In 2009, I was deep in the process of writing a travel guide to Suzhou. I’d been wandering its famous classical gardens, notebook in hand, when a friend introduced me to an essay by Ye Shengtao called The Suzhou Garden (苏州园林).
At the time, I had only translated poetry – snippets of verse, fragments of thought – but this was prose. My first full piece. I didn’t know it then, but that single act of translation would open far more than a window into Suzhou’s past. It opened a doorway into myself.
🪷 A Garden, and a Turning Point
The essay is simple – elegant, understated, and beautifully structured. Just like a Suzhou garden.
In translating it, I wasn’t just transferring words from Chinese to English. I was learning to walk through ideas differently. To consider shape and structure. To leave space for silence. To honor stillness alongside clarity.
That little essay became a pivotal moment in my life as a writer, thinker, and translator. It helped me understand what it meant to carry someone else’s voice in your own rhythm. And it’s remained with me ever since.
✨ A New Edition, with Quiet Additions
Today, I’m quietly releasing an eBook edition of my translation of The Suzhou Garden on my website.
🧾 It includes a new introductory essay,
🖋️ And a new set of translator’s notes – part reflection, part linguistic appreciation, part personal journey.
Reading the original, and reflecting on my own process of translation, felt like walking through one of Suzhou’s gardens again: turning unexpected corners, doubling back, pausing at sudden vistas.
This edition isn’t a reprint. There are no plans to publish it in print, at least for now. I simply put it together because a few followers on Xiaohongshu asked if it existed, and that made me realize how much I still cared for the piece.

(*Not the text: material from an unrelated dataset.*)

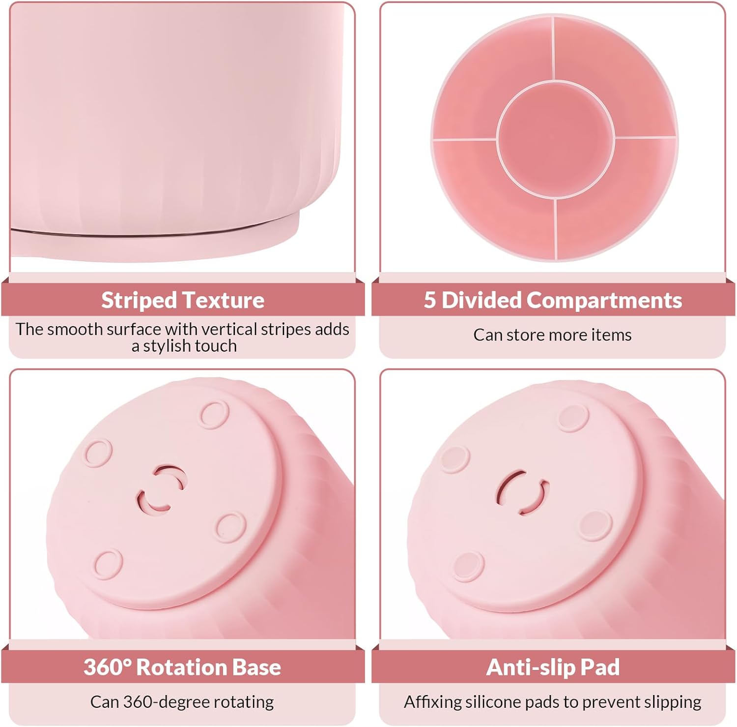 - Space-Saving: The design of 5 compartments can be reasonably divided into storage areas. This 4.8*3.2 inch desk organizer can be placed anywhere in the office, vanity, bathroom, bedroom, and living room

You can find the eBook here, available for $3.30 SGD (roughly $2.50 USD):
🔗 The Suzhou Garden – eBook Edition
💭 Why It Still Matters
It’s a small essay. Unassuming.
But sometimes, it’s the smallest spaces that reshape us the most.
This text reminded me of the deep quiet power of literary prose. Of the value of deliberate design. Of beauty that unfolds slowly.
It was never meant to be a “big project.” It simply was.
And maybe that’s why it stayed with me.
If you’re curious about Suzhou, about translation, or about how a garden can be read like a poem, I think you’ll enjoy this quiet little work as much as I have.
And if you do read it, let me know where it takes you. I’d love to share your journey too.
©2025 Shelly Bryant
I just bought it and read through it twice. I'm sure I'll read it again. Lovely.
This might sound crazy, but much of what you wrote reminded me of a good relationship. A marriage, a sisterhood, a friend who we trust with all parts of ourselves. The way the full breadth of a parent as a person is realized by their child over years of beauty and wear. The way the full breadth of a child as a person is realized by their parent in exactly the same way. The slow unveiling of the whole.
I loved this so much.
love it! It goes hand in hand w/ a conversation I just had w/ ChatGPT...yes, I talk to my computer! :0 I think I will make a post from it as well! thank you!